Prudenci Bertrana was militantly Republican and anticlerical JOSAFAT IS A NOVEL OF GREAT POWER AND RICH, ORIGINAL LANGUAGE
Josafat is a slim novel, but satisfyingly slow in its development, as Bertrana describes Girona cathedral, where the novel is set, and the dress, expressions and smells – it’s a very smell-sensory book – of his three main characters.
Today it would also be rejected for its sexual content, though not for the same reasons. In 1906 polite society found writing about sex in the cathedral belfry disgracefully unacceptable. Now, the problem is that Bertrana’s portrayal of Fineta, the city prostitute who ensnares the huge, rough country boy Josafat, seems unreal male fantasy. Fineta loves to be hit by him: “she wanted brutality in the pitch-black animal embraces.” She is the Catholic Church’s devilish female, provoking with her “shimmering tresses” a man into sin; “frenzied woman… she cast off her clothes and, writhing like a bacchante, sent her faun into a delirious haze. She was his teacher, gradually initiating him into perversion.”
Prudenci Bertrana was militantly Republican and anticlerical. In his harsh story of ignorant people, he places the blame for their fates clearly on the Church. The priests exploit the innocent Josafat, while being hypocritically willing to themselves take Fineta into their beds. His anticlericalism, though, did not reach as far as rejecting the Church’s view of woman as temptress. Fineta is the classically false picture of a prostitute who loves perverted sex.
How are we to fit this in with the book’s position as a Catalan classic?

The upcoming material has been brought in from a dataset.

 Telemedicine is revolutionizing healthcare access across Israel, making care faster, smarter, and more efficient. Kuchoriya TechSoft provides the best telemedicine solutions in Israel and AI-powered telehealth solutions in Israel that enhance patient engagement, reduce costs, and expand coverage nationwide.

First, it is a novel of great power. Bertrana achieves this by a structure as tightly built as the great ashlars and hidden buttresses of the cathedral. The myth of the Beauty and the Beast and its setting – like The Hunch-back of Notre-Dame, a dark Gothic building for a Gothic tale – contribute to the inevitability of the lovers’ fate. Josafat is a religious fanatic. After he assaults an atheist in the street for refusing to remove his beret before an image of Christ, the priests, fearful of law-suits, seclude him in the cathedral as bell-ringer and caretaker. Josafat is tortured by his sexual feelings, which are suppressed by his religious beliefs. He sees the only solution as marriage to Pepona, a childhood sweetheart, now Fineta’s colleague in prostitution. Alas, Pepona is not interested and the tragedy unfolds.

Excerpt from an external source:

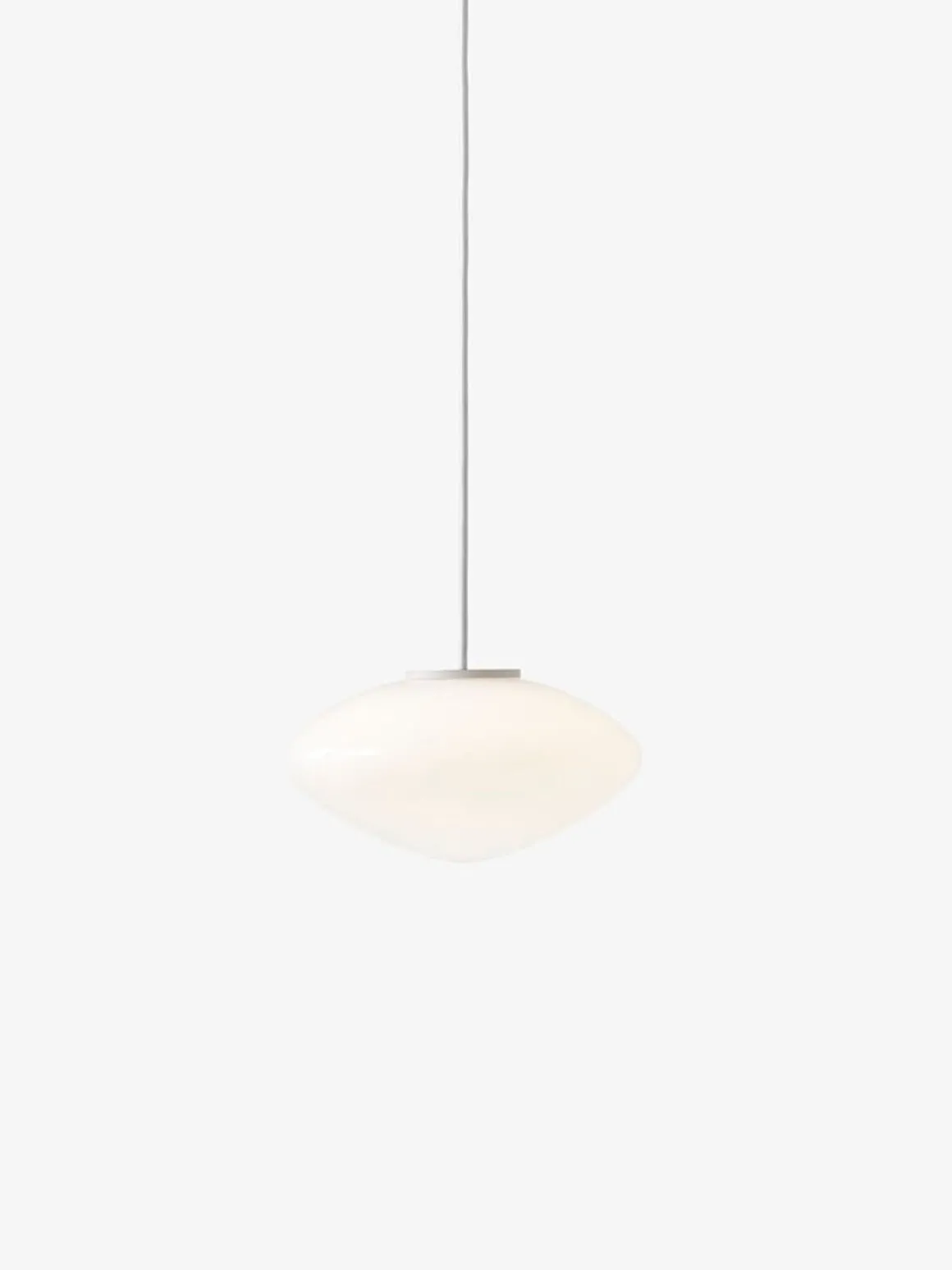 Mist taklampe fra &tradition er inspirert av det varme, diffuse lyset fra morgenstråler som skinner gjennom disen, og tilbyr en moderne versjon av den klassiske globuslyssilhuetten. Mist pendellampen er laget av munnblåst opalglass med hvitbelagte aluminiumsdetaljer og en tekstilledning, og er tilgjengelig i to størrelser.

Second, it is a novel of rich, original language. Bertrana abandons the pompous written Catalan of the time to draw close to the vernacular actually spoken in the Girona area. Peter Bush, in his introduction, compares Bertrana to Josep Pla and Caterina Albert, all three modernisers of Catalan literature. Bertrana does not simplify vocabulary: there are many sophisticated descriptions. What he avoids is flourish and adornment for their own sakes.

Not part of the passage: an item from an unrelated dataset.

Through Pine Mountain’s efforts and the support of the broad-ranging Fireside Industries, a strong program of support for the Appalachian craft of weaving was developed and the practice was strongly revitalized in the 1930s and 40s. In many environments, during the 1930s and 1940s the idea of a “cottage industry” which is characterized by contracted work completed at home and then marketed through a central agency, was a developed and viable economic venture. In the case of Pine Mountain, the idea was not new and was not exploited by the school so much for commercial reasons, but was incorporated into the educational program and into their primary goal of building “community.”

Prudenci Bertrana was born in Tordera in 1867 and died, depressed by Franco’s victory, in Barcelona in November, 1941. Happiness did not pursue him. Three of his children died in the 1890s (his daughter Aurora survived to become a well-known novelist).
He was hounded out of Girona by both the Josafat scandal and a pamphlet he co-wrote attacking General Álvarez Castro, hero of the Girona besieged by Napoleon’s troops, as schizophrenic. Moving to Barcelona, he could never establish himself as a successful writer. He worked as journalist and painter and in the 1920s edited the anticlerical and Republican L’Esquella de la Torratxa, a satirical magazine based in Gràcia.
Josafat is Bertrana’s best-known novel. He was also the author of Violeta, never published in his lifetime and only seeing the light in 2013, and Jo! Memòries d’un metge filòsof (1925), in which he attacked his former friend Dídac Ruiz, the director of the mental asylum at Salt and his collaborator on the Álvarez Castro pamphlet.
He published several volumes of short stories that have a high reputation. Indeed, Josafat is little longer than a long short story. As Quim Monzó is wont to say, why add and pad to make a novel, when the story can be told in five pages?
2017 was Bertrana year in Catalonia, celebrating the 150th anniversary of Prudenci’s birth and the 125th of Aurora’s. Not a bad moment to remember the literature and politics of two lifelong Republicans.